Review: Niner ROS 9 Plus

2014-10-06 niner ros 9 plsu

We tried to ride the Niner ROS 9 Plus at Interbike, but there just weren’t any demo bikes available. Niner is still short on demo rigs for the ROS 9 Plus, but at Outerbike I was able to hop on one of the employee’s personal rigs and take it for a spin. The build kit on the bike I rode was totally not stock, but nevertheless I was able to get a feel for what this bike has in store.

The stock ROS 9 Plus complete will ship with Stans NoTubes ZTR Hugo 29+ wheels, Shimano Deore M615 brakes, a SRAM X1 1×11 drivetrain, and a complete Niner alloy cockpit, all for the price of $3,000. However, this rig features an eccentric bottom bracket so that it can be setup as a singlespeed, as my test rig was. The bike I specifically rode featured a singlespeed drivetrain, Surly Knard 29×3 tires, a carbon bar in the cockpit, and a RockShox Reverb dropper post. So like I said–definitely not stock!


Ros 9 Tire Clearance
Ros 9 Tire Clearance

IMG_0184-ros 9

Out on the trail, the ROS 9 Plus’s playful qualities immediately emerged. With a 69-degree headtube angle (or a 68 if setup with a 100mm fork… when one’s available), it’s clear that this rig was designed for having fun and handling well. Of course, who would build a rigid steel 29+ with the purpose of breaking land speed records? As I mentioned when I reviewed the Surly Krampus two years ago, I think the 29+ wheel size is all about fun and not taking yourself too seriously. I don’t personally think this tire/wheel size was first designed to overcome a specific obstacle in the mountain bike world, but rather as an experiment–and an experiment that turned out to be a whole hell of a lot of fun. The ROS 9 Plus is squarely in line with that let’s-go-screw-around-on-bikes-and-have-fun ethos.


While the singlespeed drivetrain isn’t a stock option for the ROS 9 Plus, after whipping around the Moab Brand trails on this custom build I’m thoroughly convinced that if I’m going to own a rigid singlespeed, it’s going to be a 29+. While sure, some people are into going fast on their singlespeeds, if I was to buy/build one, it would be for a change of pace and to focus on having fun on the trails and not taking myself too seriously–coincidentally, exactly what I think the ROS 9 Plus is all about.

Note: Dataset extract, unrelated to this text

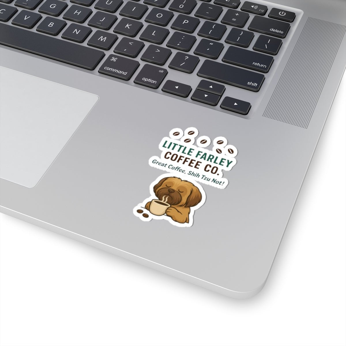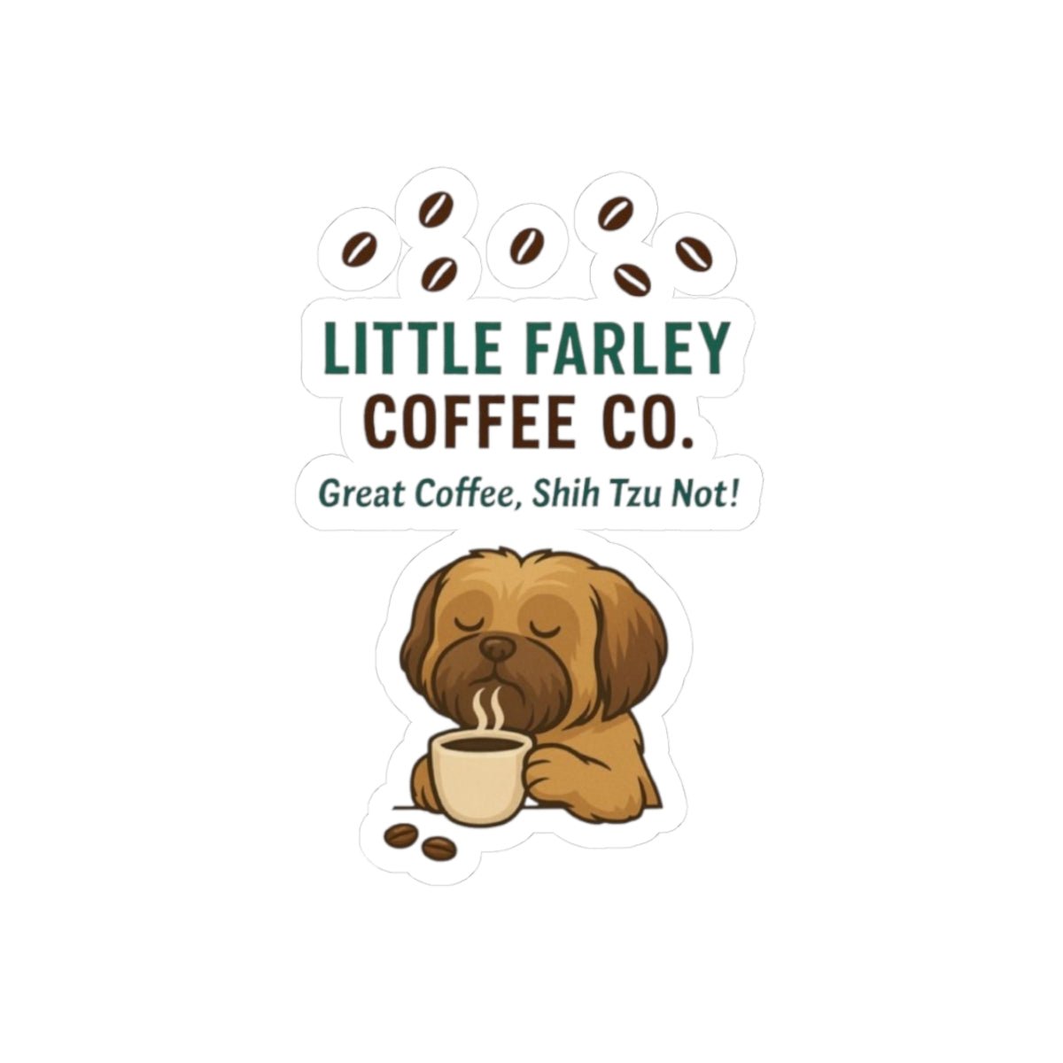 Little Farley Coffee Co. Sticker — "Great Coffee, Shih Tzu Not!" Kiss-Cut Dog & Coffee Decal
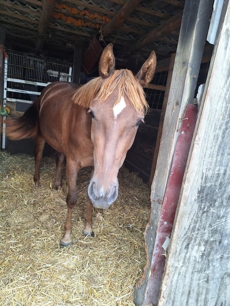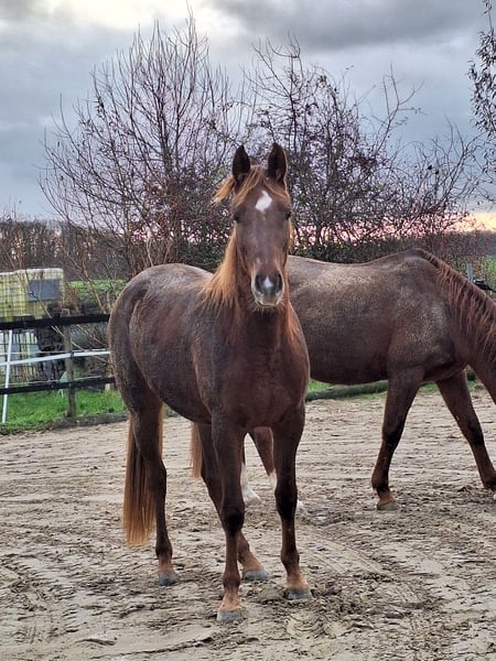 Calinka is a cuddly, affectionate two-year-old mare. She has been with us since birth and lives in a paddock with pasture access (herd environment). She is well-behaved with the veterinarian (regularly vaccinated and dewormed) and the farrier, but she is not yet familiar with loading. She is very curious and friendly towards people, eager to learn, and enjoys being occupied. We estimate that she will likely reach a height of 1.60m. Please feel free to contact us if you have any questions. She is only available to good hands due to time constraints. We are happy to consider price proposals.

Additionally, the larger 29+ tires and lower tire pressures offer much more forgiveness than a normal rigid 29er, and while you might think that the extra size would bog things down, I flew around the test track at Outerbike surprisingly fast. Yeah, I know I said that this bike wasn’t about riding fast and winning races… but that doesn’t mean it’s slow at all!

Bottom Line

If for some strange reason mountain biking is losing its luster for you or if you think the sport is just getting too serious and too complicated, simplify your life and add some fun at the same time with Niner’s fabulous new 29+ offering! And for extra simplicity, definitely go with a singlespeed build.